Mental Health is Political

by | Oct 4, 2022 | Social Barriers


Mental Health is Political- New York Times

The New York Times piece entitled ‘Mental Health is Political’ is a straightforward explanation for the rise in mental health conditions in recent years. In many cases, high rates of depressive disorder and anxiety, around 53.2 million cases and 76.2 million cases respectively, are linked to the global COVID-19 pandemic. The author, Danielle Carr, an assistant professor at the Institute for Society and Genetics at U.C.L.A., draws a distinction here, explaining that, in fact, this “epidemic” of mental illness does not just happen like a rare weather event, rather there are very real social and political problems causing an increase in mental health problems. These are commonly called determinants of health. Carr quotes mental health scholars published in The Lancet, who write “feelings of anxiety and sadness are entirely normal reactions to difficult circumstances, not symptoms of poor mental health.”

It is sometimes easier to blame the individual biology of a person rather than recognize the numerous interconnected factors that create the problem.

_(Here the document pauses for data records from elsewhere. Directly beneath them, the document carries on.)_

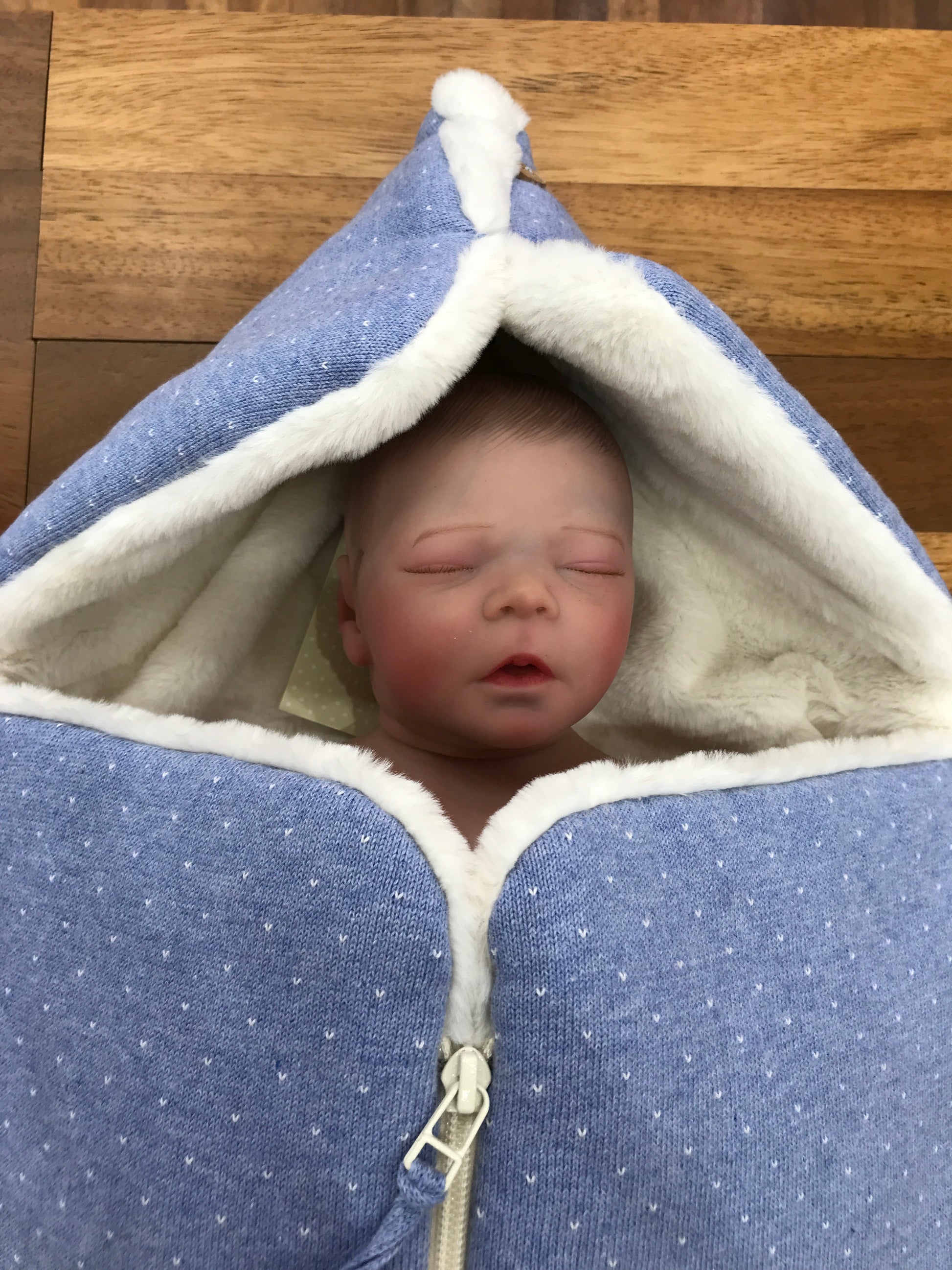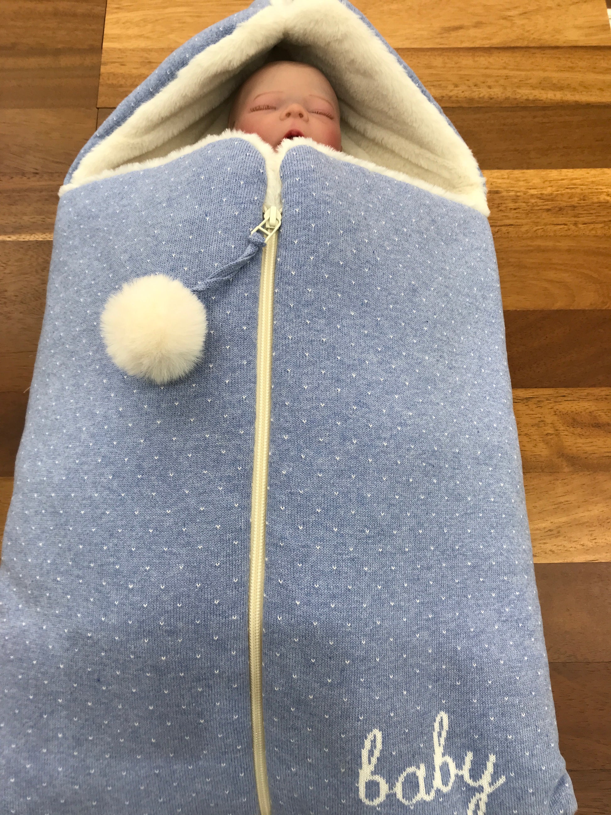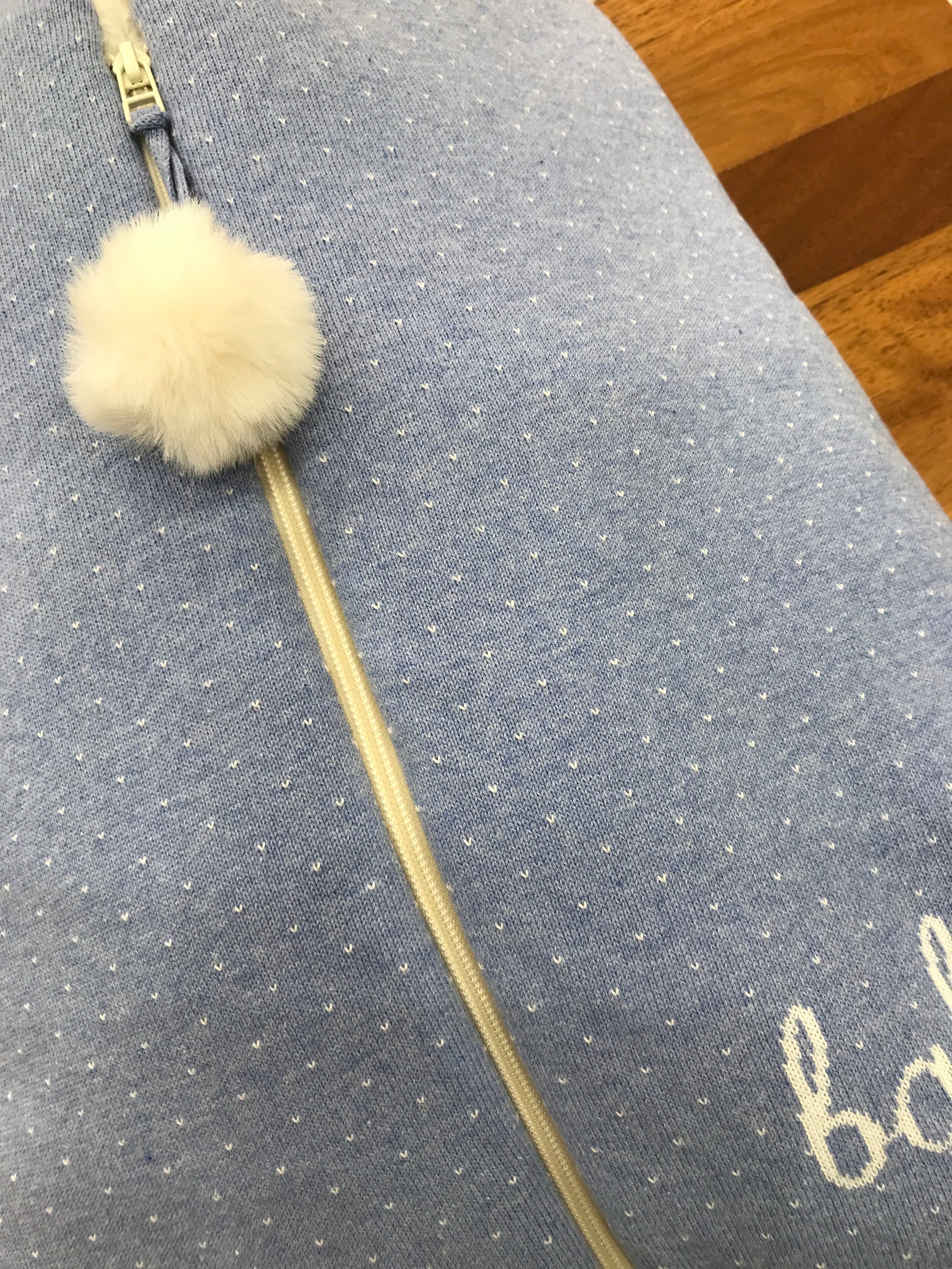 Sacco nanna celeste decorato con pois bianchi, dotato di chiusura a zip con dettaglio a pallina e foderato internamente in pelliccia.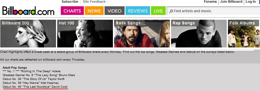 つぶやき1:DAVID COOK's "The Last Goodbye" debuts at #40 on the Adult Top 40 chart.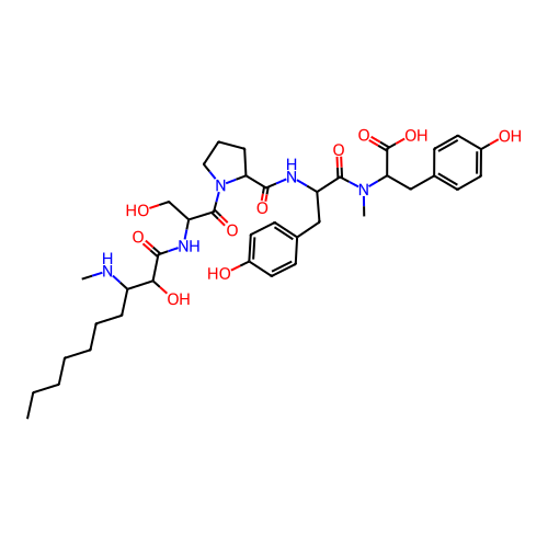 | SMILES | CCCCCCCC(NC)C(O)C(=O)NC(CO)C(=O)N1CCCC1C(=O)NC(CC1=CC=C(O)C=C1)C(=O)N(C)C(CC1=CC=C(O)C=C1)C(=O)O |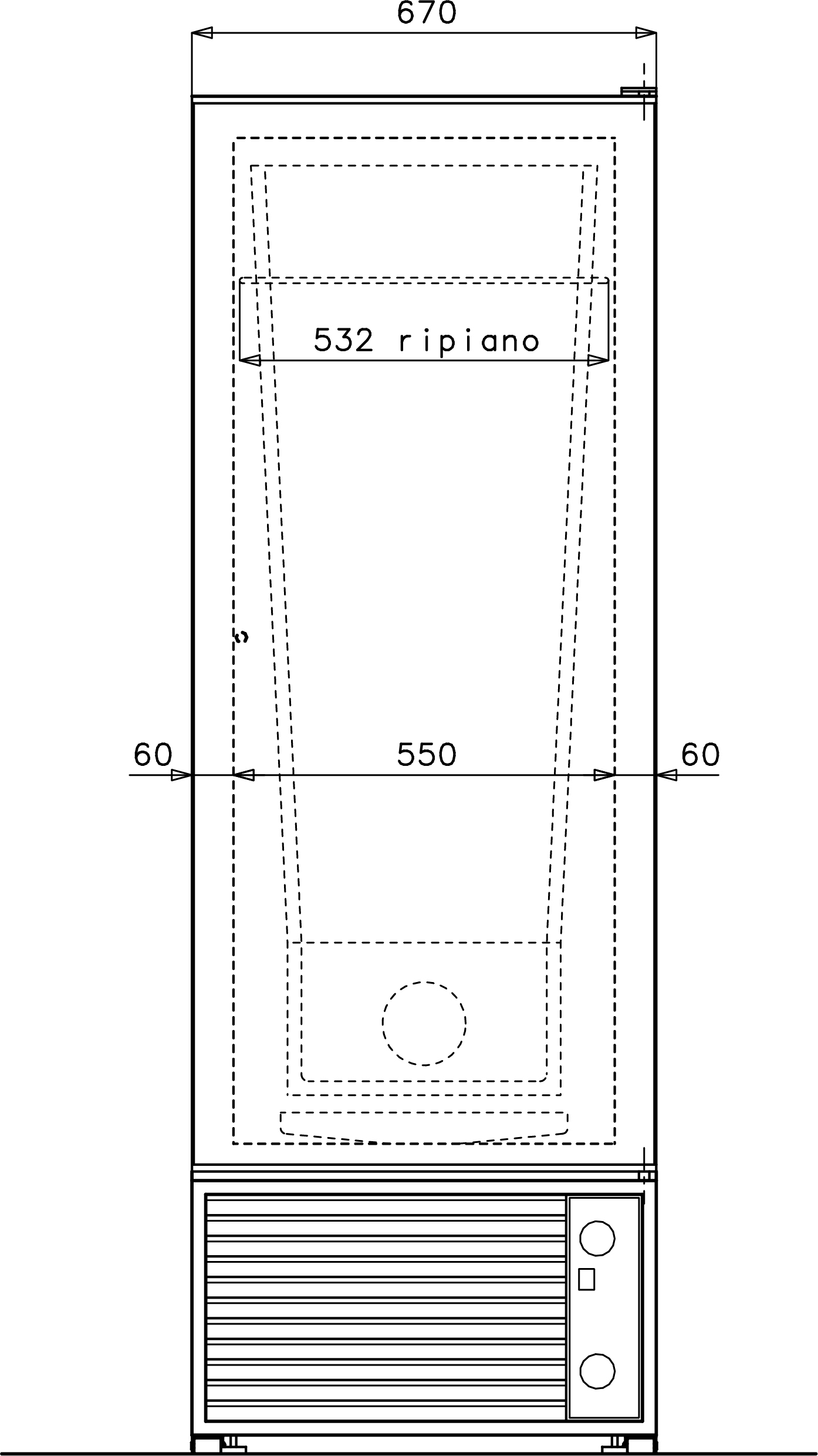 Armadio refrigerato professionale verticale monoporta battente, a temperatura positiva per la conservazione in classe 4M1 di latticini, frutta, verdura, carne, salumi e bevande.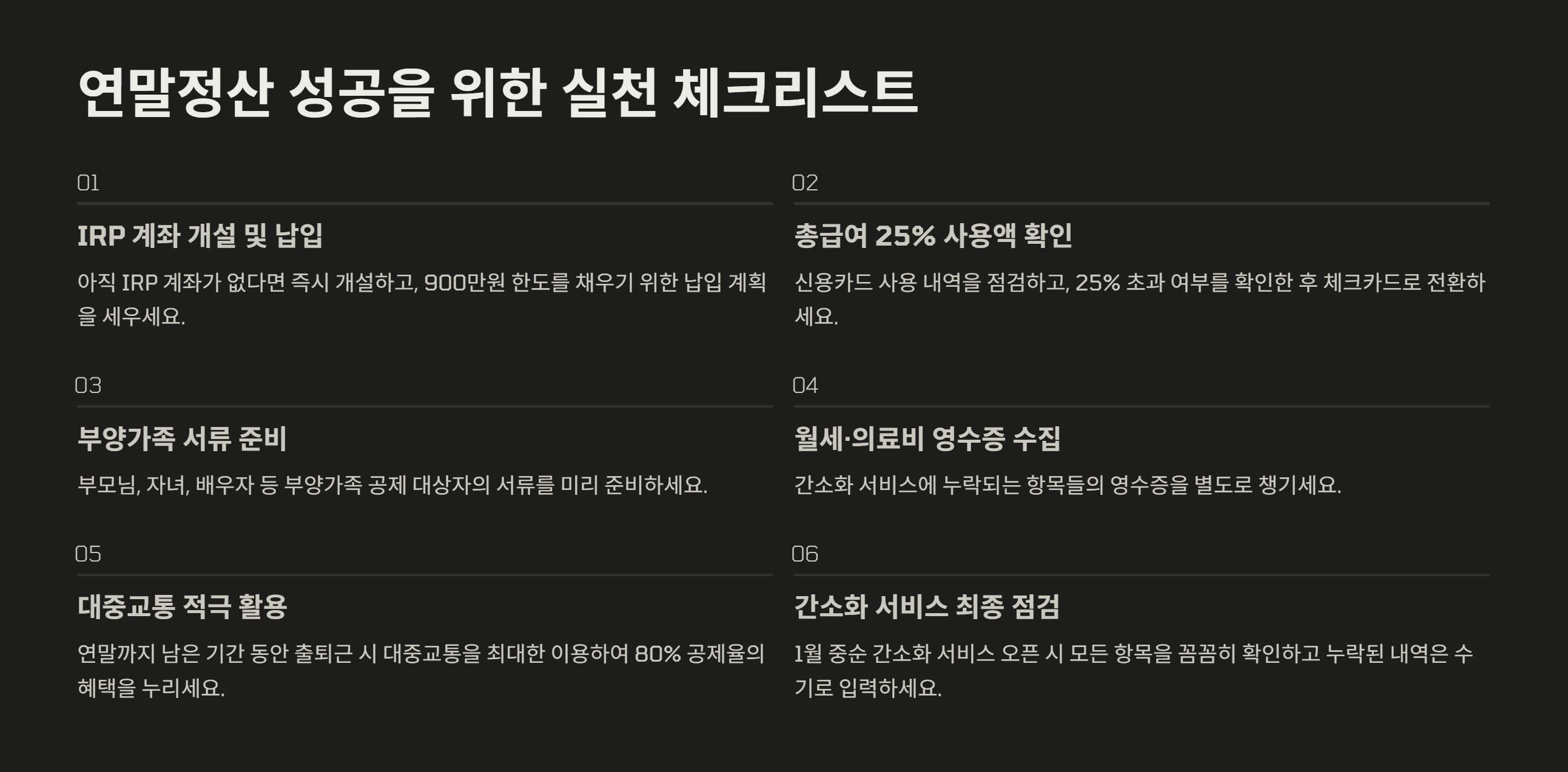 연말정산은 '세금 폭탄'이 아닌 '세금 환급'을 위한 전략입니다. 지금부터 꼼꼼하게 지출 내역을 확인하고, IRP 납입 한도를 채우며, 대중교통과 같은 고공제율 지출 수단을 활용하여 2025년 연말정산을 완벽하게 마무리하세요!
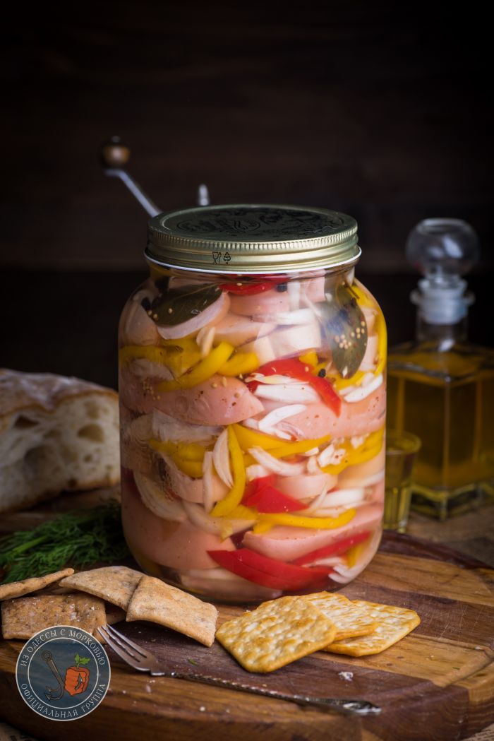 -Повторюсь, сардельки можно разрезать вдоль на половину глубины и раскрыв их слегка, как книжку, вложить внутрь полоску кислого огурца, лук и чили, например. Или того же сладкого перца. Смотрится такое интересно. Потом достать и нарезать.
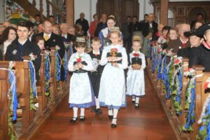 Die Trachtlerkinder trugen Wein und Brot zum Altar zusammen mit dem Geistlichen Pater Dan Anzorge

It’s easier to medicate the individual than truly address the issues of poverty, political violence, and discrimination that explain the stress-diathesis model of mental illness. If we understand the underlying causes of many mental health problems within society, why don’t we take action? As Carr explains, it is because those in power are benefiting, often financially, from the status quo.

This article left me reflecting on the very real consequences of chronic stress on an individual’s mental health. Years and years of living in this unjust global society certainly have an impact. Carr outlines the solution; a world in which people have what we all seek: a home, access to nutritious food, safety, childcare, and other factors that many of us take for granted. We can no longer be satisfied by just addressing the symptoms, we must address the root cause of mental health.  We will continue to explore similar topics as The New York Times rolls out its series on mental health.